Can you do it by e-mails or texts? Sure. Just read through the comments section on any political news story and let me know how convincing that strategy is.

I’ve not been able to see this any other way. And even if I could articulate something slowly and somewhat clearly to a friend the first time, it doesn’t mean I can do it all the time. It doesn’t mean that I’ll have the same confidence, either.

Because of all this, I’ve never really been that political. There’s a lot of criticism out there that people don’t “care” about politics, that they may not vote or get engaged. But could it just be a communication issue? Oftentimes we see that the winners are the ones spending the most money or yelling the loudest.

I think back in college and possibly earlier, I saw debating as something I would never be able to do. I thought that if I stuttered, the other person would see this as a weakness and walk all over me and my words.

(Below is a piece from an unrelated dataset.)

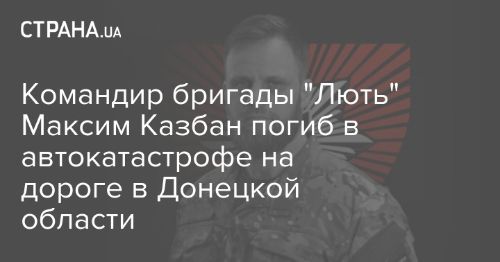 Сегодня в ДТП на территории Донецкой области погиб командир Объединённой штурмовой бригады "Лють" Нацгвардии Украины полковник полиции Максим Казбан.
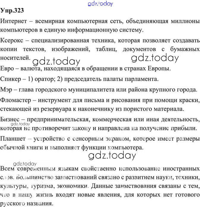 На страницах сайта gdz.today вы найдете учебный и вспомогательный материал, направленный на улучшения знаний школьной программы. ГДЗ - онлайн мир знаний Решение. Упражнения 323 Учебнику по Русскому языку для 9 класса Бархударов, Крючков Просвещение, Просвещение 2011, 2019

So what can we do? What can someone who stutters do if they’re interested in politics? In debate? In getting up in front of a large group and arguing that their school policy be changed, or that they’d be a decent candidate for office?

A person who stutters would first have to get past the fact that their stutter alone won’t lose them the debate. Once past this, I’d reason that an insane amount of reading and preparation would help. And just being calm during a debate. I’d imagine that even the process of debate preparation would help — speaking out loud, trying various phrases and angles over and over again. Building confidence.

The thing about being over prepared is that it tells the other party (as well as the audience) that wow, this person’s content is spot-on. They really know their stuff. It puts the spotlight on material instead of how that material is coming out of your mouth.

I’ve never done Toastmasters (I’m not against trying it now) nor did I do anything debate-wise in school growing up. But now that I think about it, it probably would have helped. Maybe not enter a life of politics per se, but at least get me out of my comfort zone and get me thinking and talking about different topics.